━━━━━ Collected data

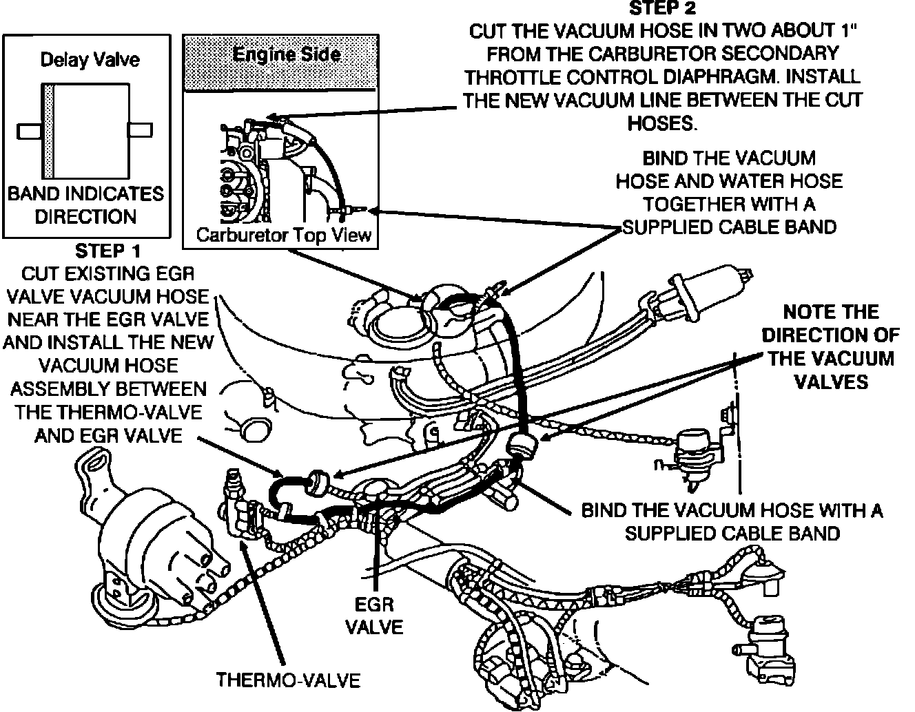 2. Cut the vacuum hose in two near the EGR valve as shown in Step 1 of Figure 21.
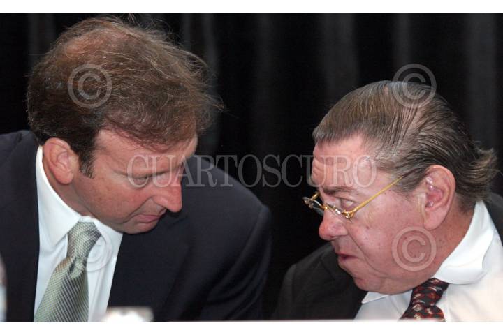 MEXICO, D.F., 29JUNIO2005.- Antonio de la Garza, embajador de Estados Unidos de América y Gilberto Rincón Gallardo, durante la presentación de las Políticas y Prácticas Laborales Relacionadas al VIH/SIDA del Consejo Nacional Empresarial sobre SIDA (CONAES). FOTO: Moisés Pablo/CUARTOSCURO.COM
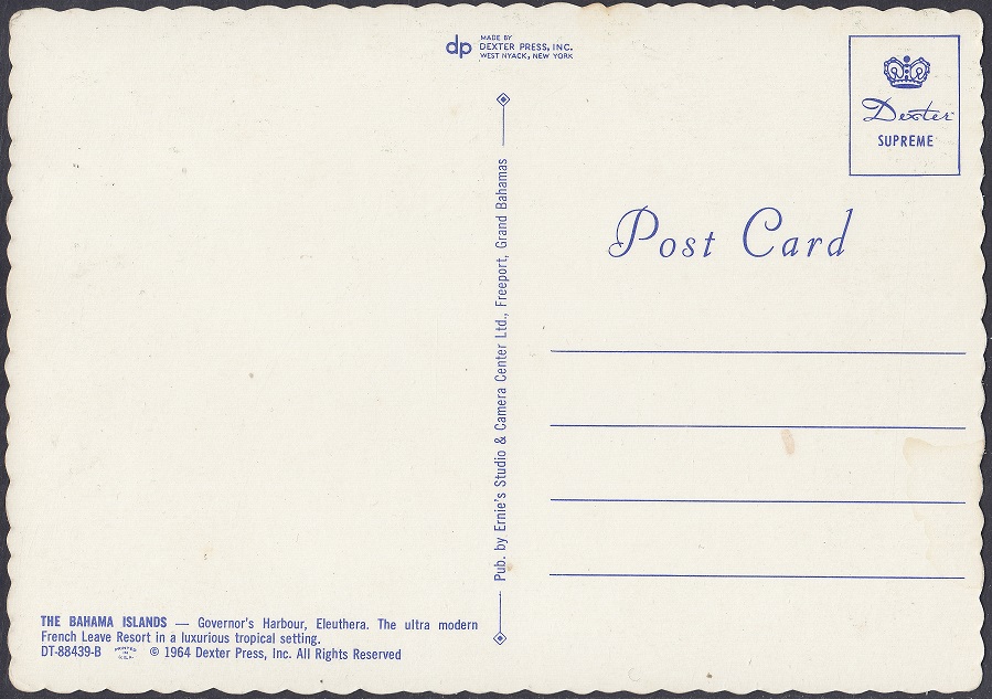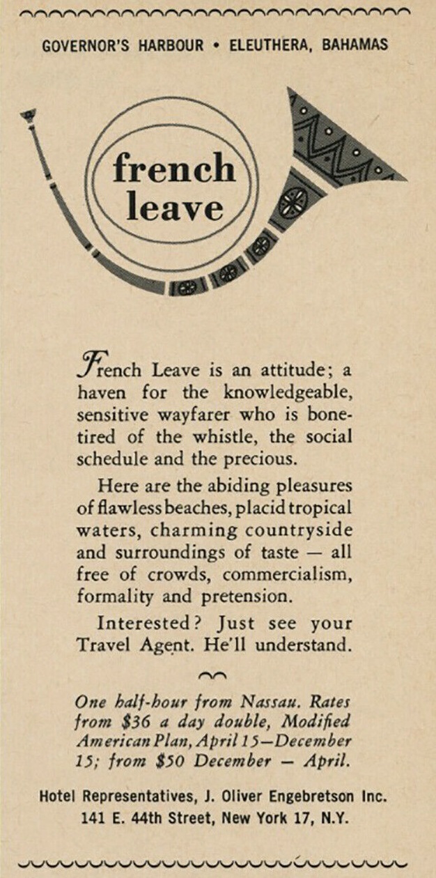 The French Leave hotel was located in Governor’s Harbour, Eleuthera. It was considered one of the oldest inns in the Out Islands. The hotel was a cottage-style resort located on a mile and a half pink sand beach
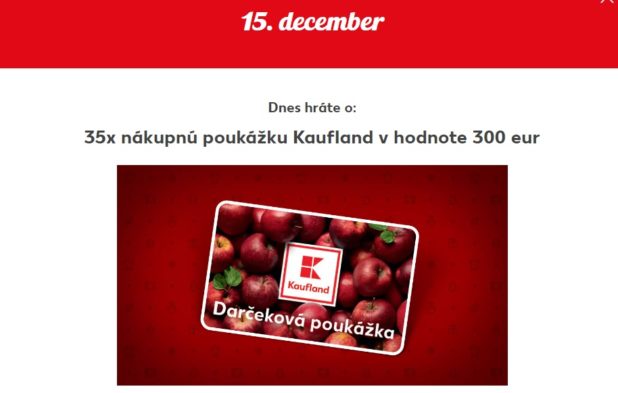 Kaufland Adventný kalendár otvorte okienko číslo 15 a hrajte o 35x nákupnú poukážku Kaufland v hodnote 300 eur Posted on 15. decembra 2021 by Fb Súťaže Continue reading →

━━━━━━━━━━

### [Action item]
Write out again exactly the lines from the start of the data above through the line containing "The French Leave", inclusive, excluding any pictures.

### [Exercise response]
 2. Cut the vacuum hose in two near the EGR valve as shown in Step 1 of Figure 21.
 MEXICO, D.F., 29JUNIO2005.- Antonio de la Garza, embajador de Estados Unidos de América y Gilberto Rincón Gallardo, durante la presentación de las Políticas y Prácticas Laborales Relacionadas al VIH/SIDA del Consejo Nacional Empresarial sobre SIDA (CONAES). FOTO: Moisés Pablo/CUARTOSCURO.COM
 The French Leave hotel was located in Governor’s Harbour, Eleuthera. It was considered one of the oldest inns in the Out Islands. The hotel was a cottage-style resort located on a mile and a half pink sand beach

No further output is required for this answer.